In your copy, include no images and return each entry exactly as written.
::::::
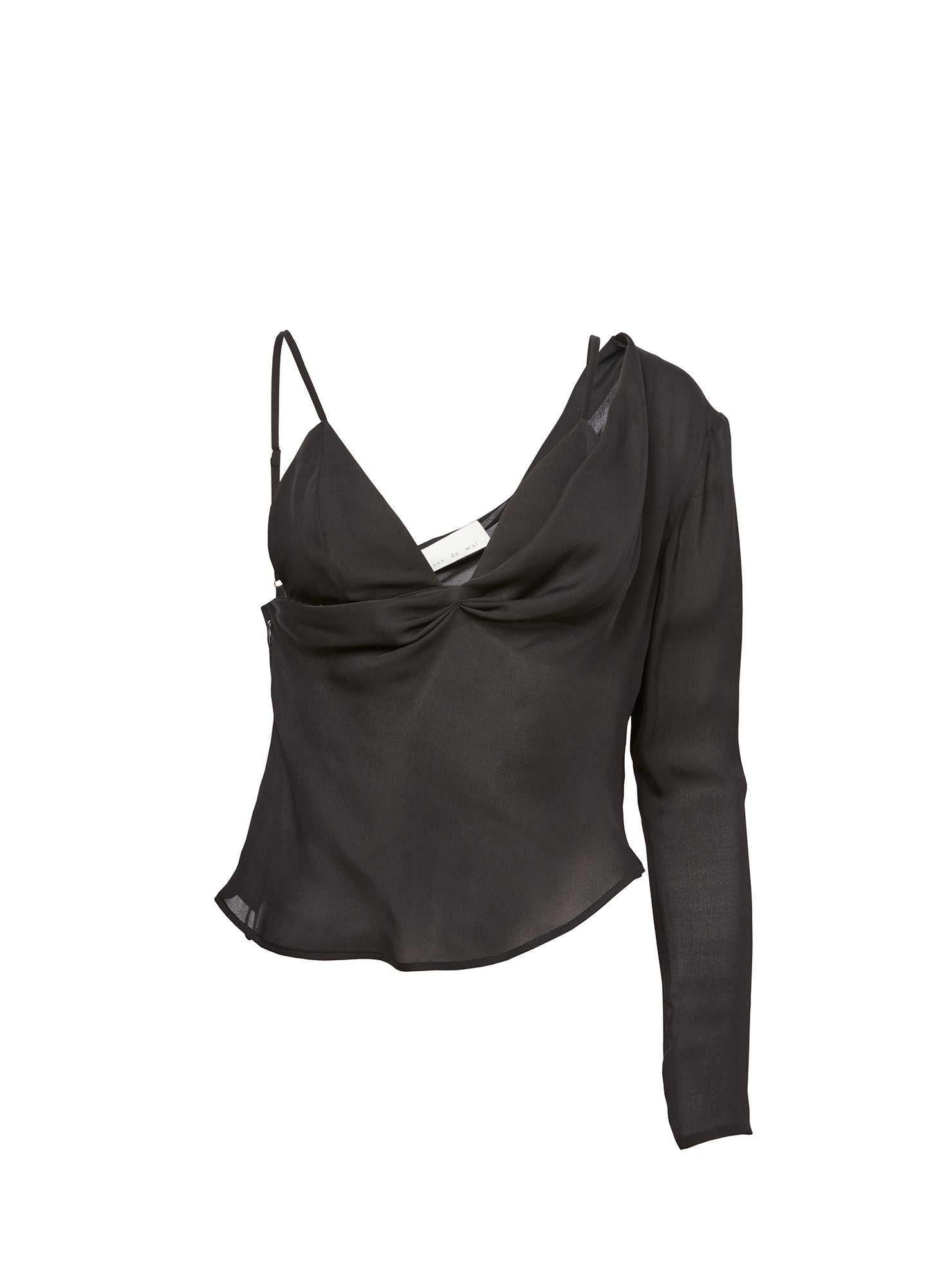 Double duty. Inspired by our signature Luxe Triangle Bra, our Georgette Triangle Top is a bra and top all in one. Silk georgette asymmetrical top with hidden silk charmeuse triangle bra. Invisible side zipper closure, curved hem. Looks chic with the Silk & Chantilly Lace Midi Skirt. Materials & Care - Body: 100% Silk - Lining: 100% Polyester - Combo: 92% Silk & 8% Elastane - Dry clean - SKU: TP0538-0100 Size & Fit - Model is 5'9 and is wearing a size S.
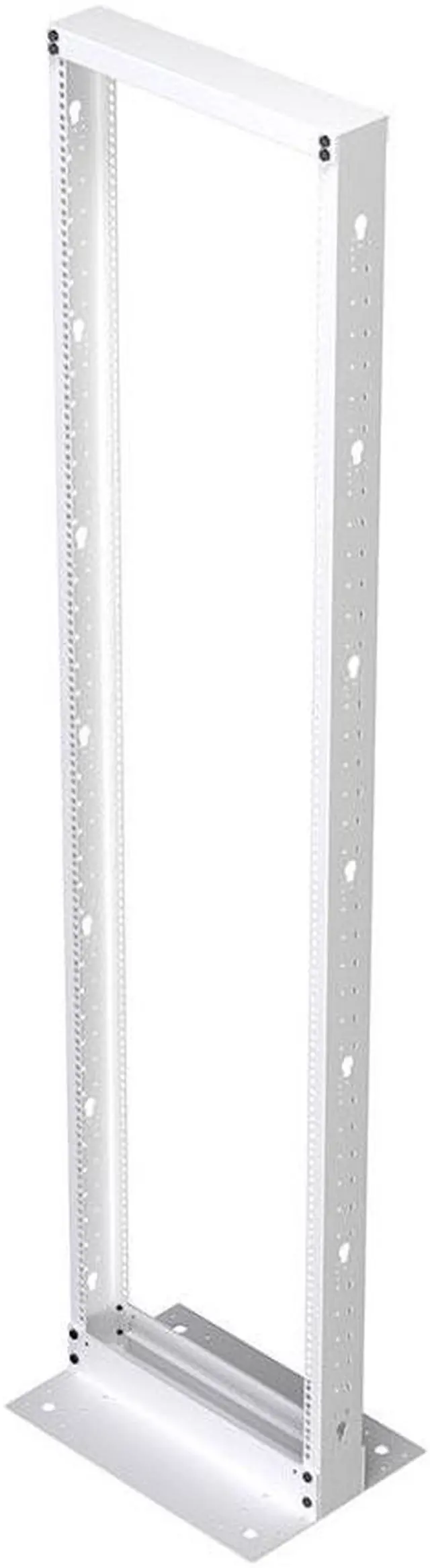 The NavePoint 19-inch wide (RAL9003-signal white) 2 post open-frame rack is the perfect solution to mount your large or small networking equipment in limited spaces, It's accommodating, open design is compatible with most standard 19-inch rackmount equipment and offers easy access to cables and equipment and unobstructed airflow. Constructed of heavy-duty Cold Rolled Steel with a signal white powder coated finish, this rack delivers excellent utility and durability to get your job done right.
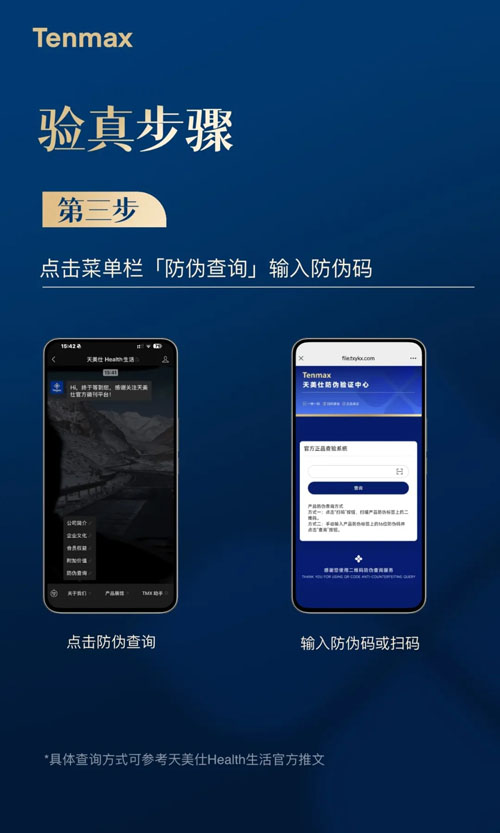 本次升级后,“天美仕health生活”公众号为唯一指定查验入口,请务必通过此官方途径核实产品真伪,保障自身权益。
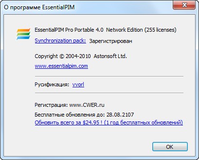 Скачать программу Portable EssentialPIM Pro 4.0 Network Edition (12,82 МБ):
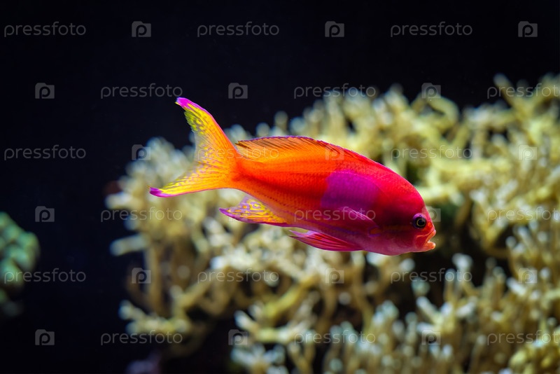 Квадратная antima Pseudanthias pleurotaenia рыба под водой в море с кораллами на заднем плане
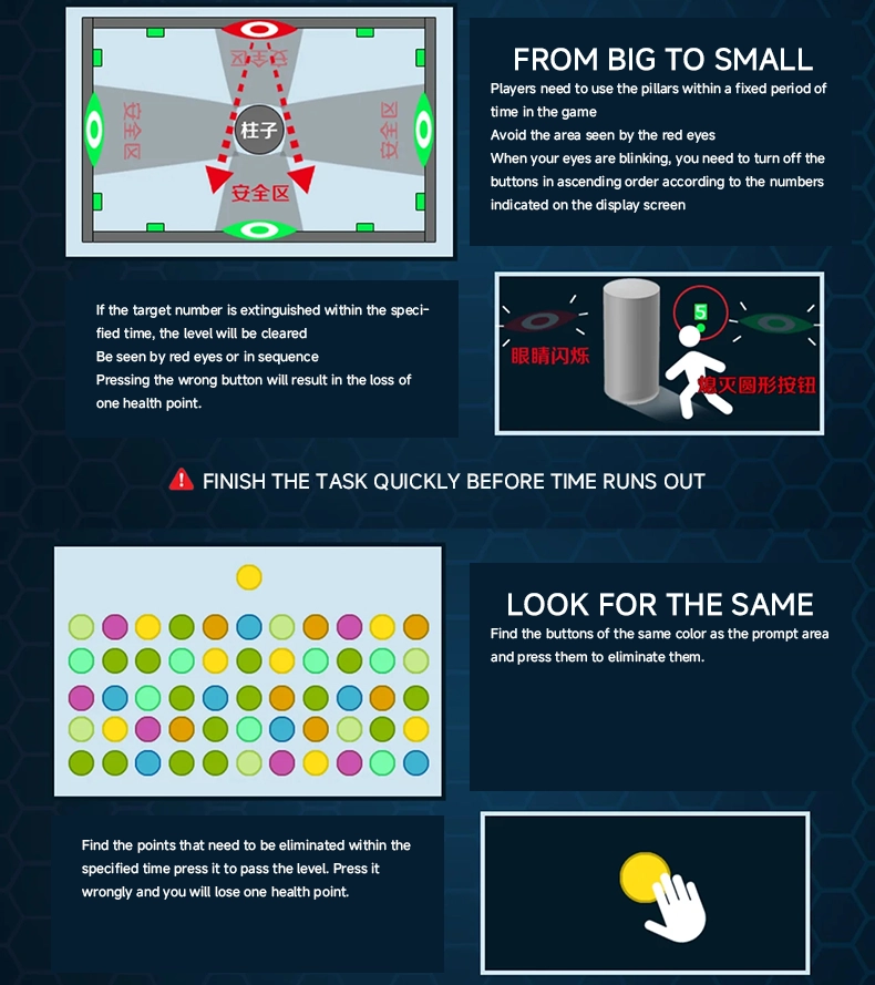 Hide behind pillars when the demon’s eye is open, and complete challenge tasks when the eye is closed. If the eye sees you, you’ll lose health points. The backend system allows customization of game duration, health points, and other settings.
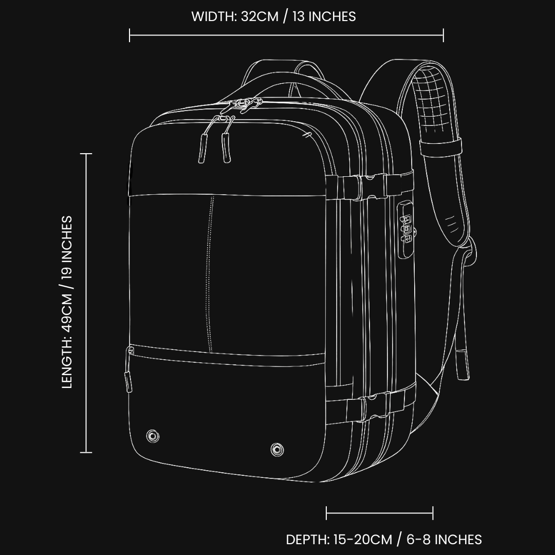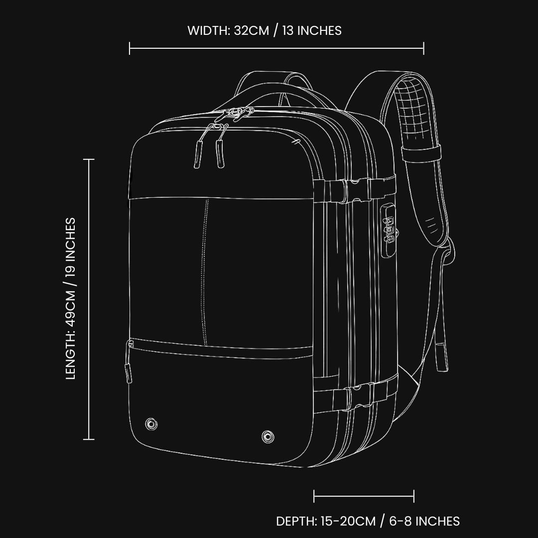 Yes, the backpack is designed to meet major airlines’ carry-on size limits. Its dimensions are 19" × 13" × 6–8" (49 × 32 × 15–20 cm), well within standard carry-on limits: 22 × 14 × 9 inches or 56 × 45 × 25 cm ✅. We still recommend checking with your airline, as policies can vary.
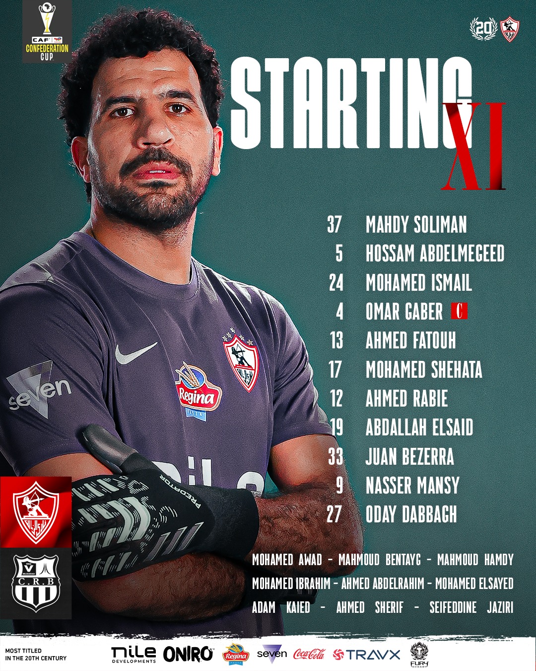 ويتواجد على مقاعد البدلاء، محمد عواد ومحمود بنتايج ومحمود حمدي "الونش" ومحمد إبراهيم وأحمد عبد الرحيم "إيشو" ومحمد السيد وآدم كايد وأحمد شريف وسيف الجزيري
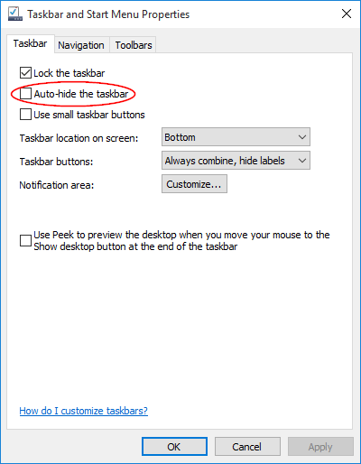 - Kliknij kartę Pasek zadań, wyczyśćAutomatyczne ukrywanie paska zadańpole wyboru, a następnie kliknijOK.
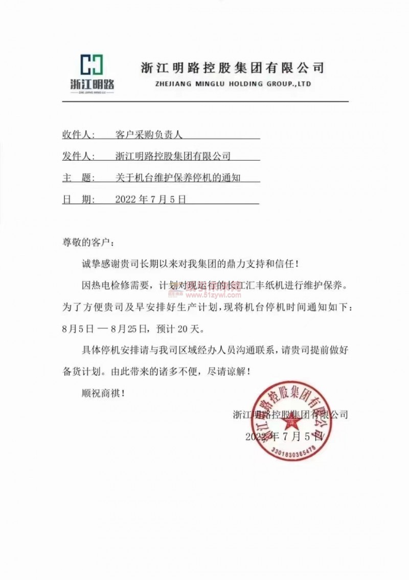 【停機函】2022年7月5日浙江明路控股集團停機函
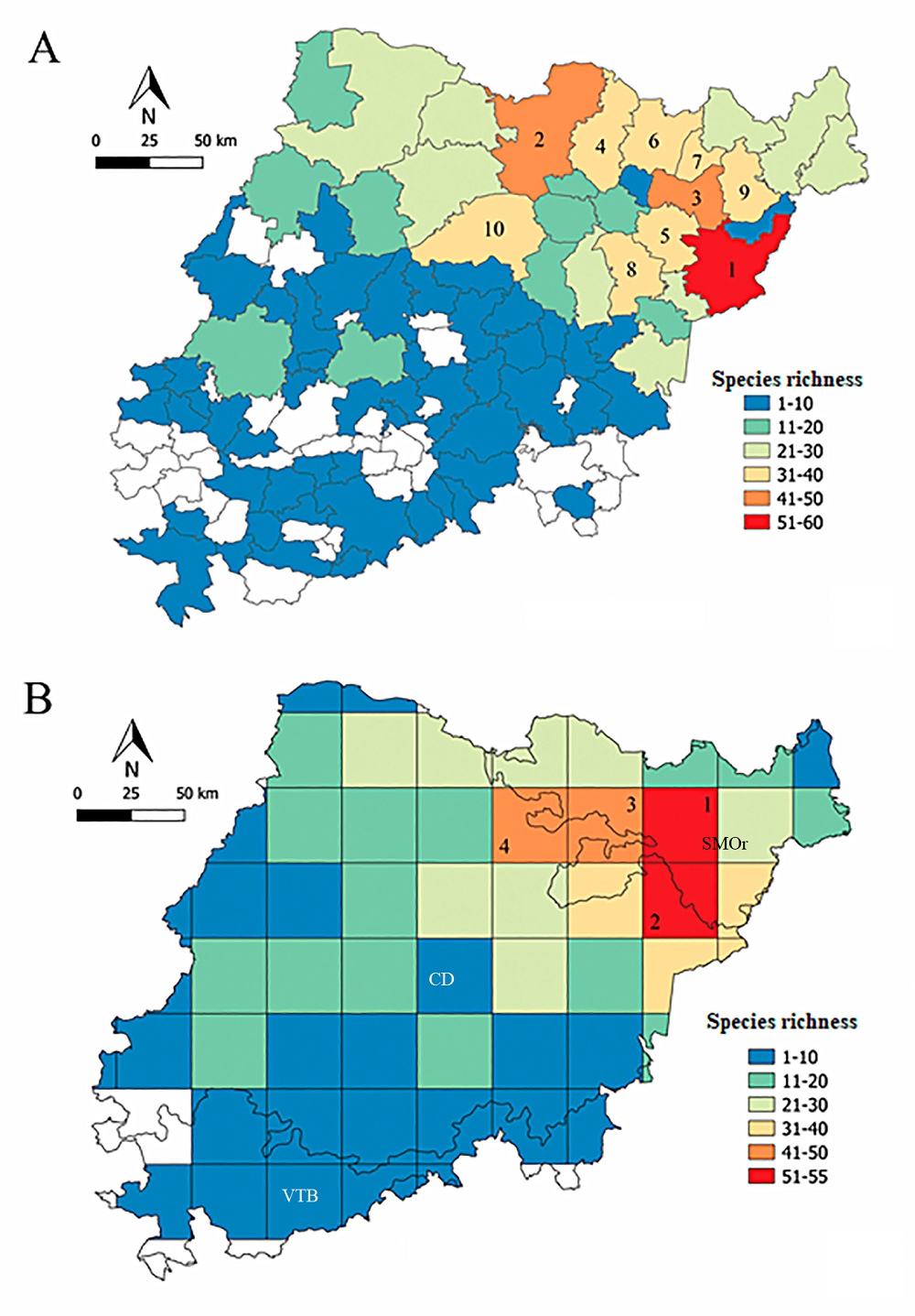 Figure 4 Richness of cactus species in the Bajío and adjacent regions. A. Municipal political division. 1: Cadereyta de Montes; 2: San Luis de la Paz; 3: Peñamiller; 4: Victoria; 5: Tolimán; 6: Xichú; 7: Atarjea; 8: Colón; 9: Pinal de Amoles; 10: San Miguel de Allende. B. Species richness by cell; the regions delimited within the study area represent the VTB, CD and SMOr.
::::::
- [WRITTEN REPLY]
 Double duty. Inspired by our signature Luxe Triangle Bra, our Georgette Triangle Top is a bra and top all in one. Silk georgette asymmetrical top with hidden silk charmeuse triangle bra. Invisible side zipper closure, curved hem. Looks chic with the Silk & Chantilly Lace Midi Skirt. Materials & Care - Body: 100% Silk - Lining: 100% Polyester - Combo: 92% Silk & 8% Elastane - Dry clean - SKU: TP0538-0100 Size & Fit - Model is 5'9 and is wearing a size S.
 The NavePoint 19-inch wide (RAL9003-signal white) 2 post open-frame rack is the perfect solution to mount your large or small networking equipment in limited spaces, It's accommodating, open design is compatible with most standard 19-inch rackmount equipment and offers easy access to cables and equipment and unobstructed airflow. Constructed of heavy-duty Cold Rolled Steel with a signal white powder coated finish, this rack delivers excellent utility and durability to get your job done right.
 本次升级后,“天美仕health生活”公众号为唯一指定查验入口,请务必通过此官方途径核实产品真伪,保障自身权益。
 Скачать программу Portable EssentialPIM Pro 4.0 Network Edition (12,82 МБ):
 Квадратная antima Pseudanthias pleurotaenia рыба под водой в море с кораллами на заднем плане
 Hide behind pillars when the demon’s eye is open, and complete challenge tasks when the eye is closed. If the eye sees you, you’ll lose health points. The backend system allows customization of game duration, health points, and other settings.
 Yes, the backpack is designed to meet major airlines’ carry-on size limits. Its dimensions are 19" × 13" × 6–8" (49 × 32 × 15–20 cm), well within standard carry-on limits: 22 × 14 × 9 inches or 56 × 45 × 25 cm ✅. We still recommend checking with your airline, as policies can vary.
 ويتواجد على مقاعد البدلاء، محمد عواد ومحمود بنتايج ومحمود حمدي "الونش" ومحمد إبراهيم وأحمد عبد الرحيم "إيشو" ومحمد السيد وآدم كايد وأحمد شريف وسيف الجزيري
 - Kliknij kartę Pasek zadań, wyczyśćAutomatyczne ukrywanie paska zadańpole wyboru, a następnie kliknijOK.
 【停機函】2022年7月5日浙江明路控股集團停機函
 Figure 4 Richness of cactus species in the Bajío and adjacent regions. A. Municipal political division. 1: Cadereyta de Montes; 2: San Luis de la Paz; 3: Peñamiller; 4: Victoria; 5: Tolimán; 6: Xichú; 7: Atarjea; 8: Colón; 9: Pinal de Amoles; 10: San Miguel de Allende. B. Species richness by cell; the regions delimited within the study area represent the VTB, CD and SMOr.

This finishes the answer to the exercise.